▸ Task objective
Please retype the entries below word for word, passing over every picture.

▸ Records from a data collection
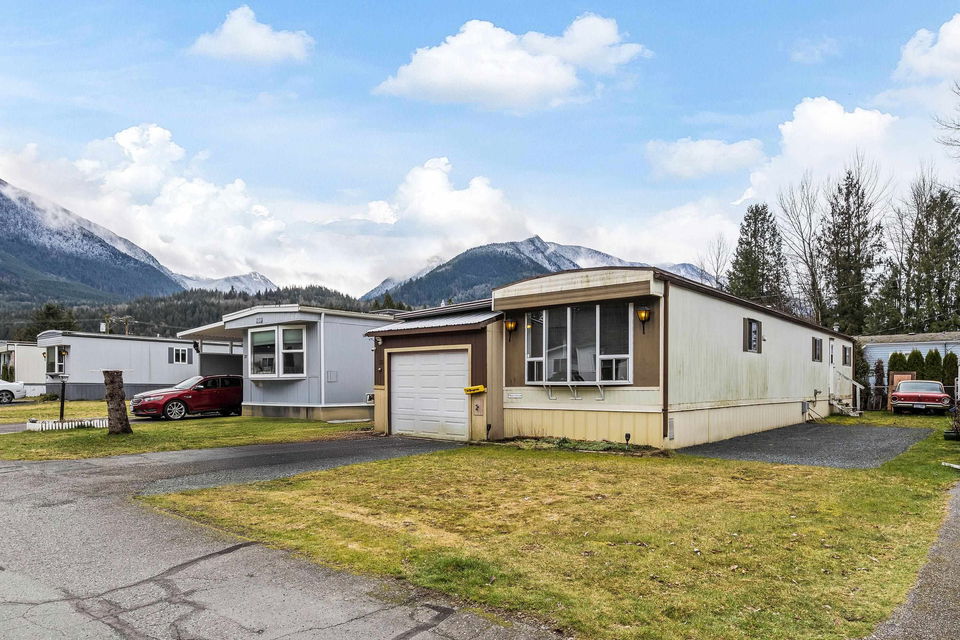 Nestled in picturesque Chilliwack River, this 2 Bed 1 Bath home offers the perfect blend of PEACE & outdoor adventure, with NATURE and world class FISHING right at your doorstep. While the mobile home offers a comfortable living space, it also presents an EXCITING OPPORTUNITY for renovations & customization. The spacious GARAGE/WORKSHOP, provides ample STORAGE SPACE or the perfect setup for hobbyists. Spend your days relaxing on your deck & enjoying the views of the surrounding mountains. This is your opportunity to escape to nature while still having local gems like GARRISON CROSSING, The Eddy & CULTUS LAKE just a short drive away! 19+ community & ONE small pet allowed w/ approval!
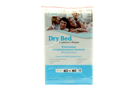 Пеленка Dry bed махровая непромокаемая дышащая мембрана 60х90 см белый
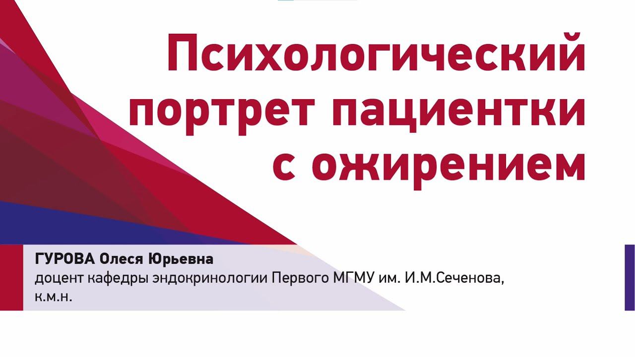26.11.2020 Школа московского эндокринолога Научно-практическая конференция «Ожирение и женское здоровье: передовые технологии в управлении весом» Полноценная психологическая помощь при ожирении пока остается недоступной в России. Поэтому на клинициста часто ложится дополнительная нагрузка – быть для пациента не только врачом, но и оказывать ему психологическую поддержку, конеч-но, с целью достижения значимого клинического результата. И в этой связи врачу Для клинициста важно представлять психологический портрет пациента. Как считает доцент кафедры эндокринологии Первого МГМУ им. И.М. Сеченова О.Ю. ГУРОВА, - это первый шаг к правильному восприятию таких людей. Информационно-выставочное агентство «ИнфоМедФарм Диалог»: http://imfd.ru/ https://vk.com/imfd_dialog https://www.instagram.com/infomedfarm...
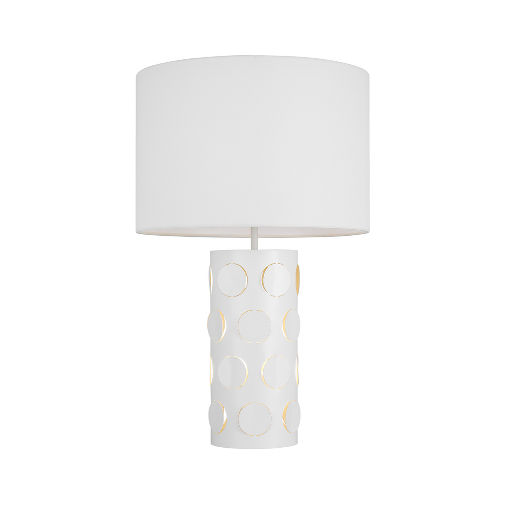 Charm and playful sophistication adorn this table lamp, available in Burnished Brass, Matte White and Polished Nickel.
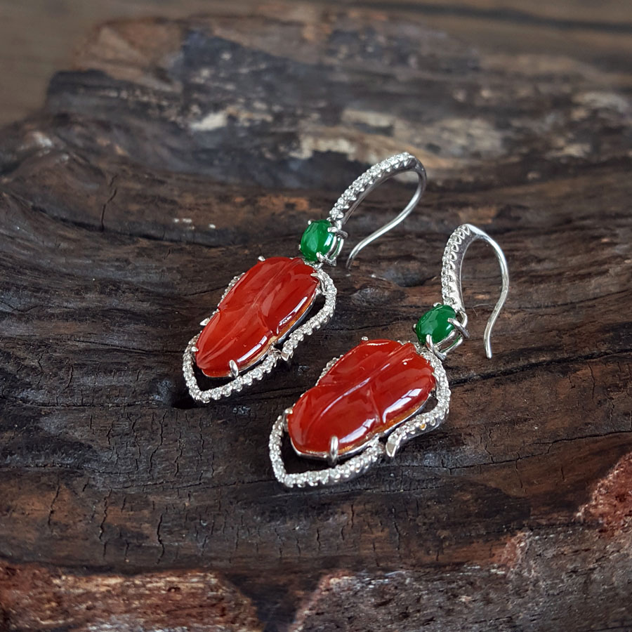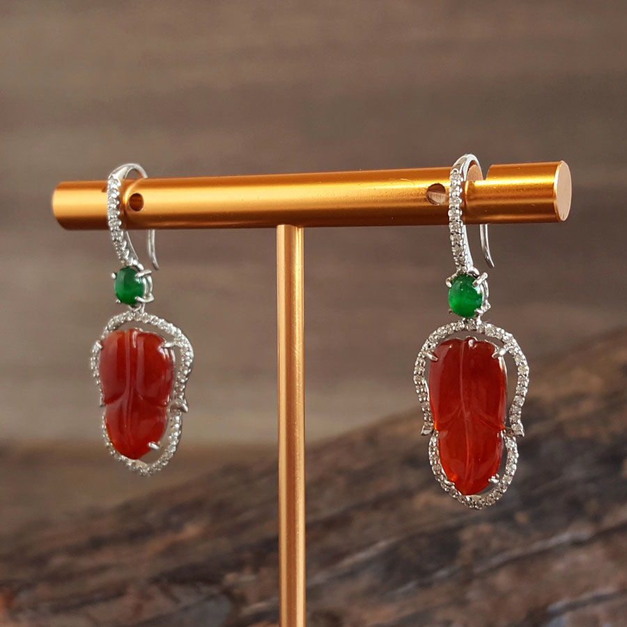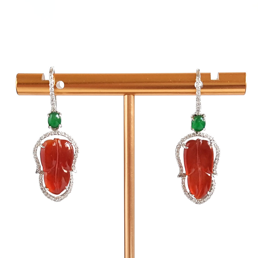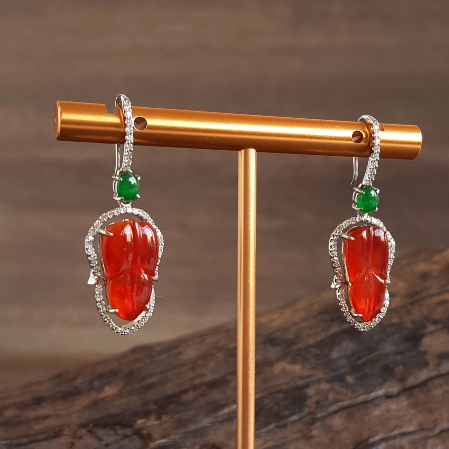 名称 | AU750白金豪镶钻镶天然细腻冰种叶子(金枝玉叶)红翡耳坠 |

▸ Answer for the task
 Nestled in picturesque Chilliwack River, this 2 Bed 1 Bath home offers the perfect blend of PEACE & outdoor adventure, with NATURE and world class FISHING right at your doorstep. While the mobile home offers a comfortable living space, it also presents an EXCITING OPPORTUNITY for renovations & customization. The spacious GARAGE/WORKSHOP, provides ample STORAGE SPACE or the perfect setup for hobbyists. Spend your days relaxing on your deck & enjoying the views of the surrounding mountains. This is your opportunity to escape to nature while still having local gems like GARRISON CROSSING, The Eddy & CULTUS LAKE just a short drive away! 19+ community & ONE small pet allowed w/ approval!
 Пеленка Dry bed махровая непромокаемая дышащая мембрана 60х90 см белый
26.11.2020 Школа московского эндокринолога Научно-практическая конференция «Ожирение и женское здоровье: передовые технологии в управлении весом» Полноценная психологическая помощь при ожирении пока остается недоступной в России. Поэтому на клинициста часто ложится дополнительная нагрузка – быть для пациента не только врачом, но и оказывать ему психологическую поддержку, конеч-но, с целью достижения значимого клинического результата. И в этой связи врачу Для клинициста важно представлять психологический портрет пациента. Как считает доцент кафедры эндокринологии Первого МГМУ им. И.М. Сеченова О.Ю. ГУРОВА, - это первый шаг к правильному восприятию таких людей. Информационно-выставочное агентство «ИнфоМедФарм Диалог»: http://imfd.ru/ https://vk.com/imfd_dialog https://www.instagram.com/infomedfarm...
 Charm and playful sophistication adorn this table lamp, available in Burnished Brass, Matte White and Polished Nickel.
 名称 | AU750白金豪镶钻镶天然细腻冰种叶子(金枝玉叶)红翡耳坠 |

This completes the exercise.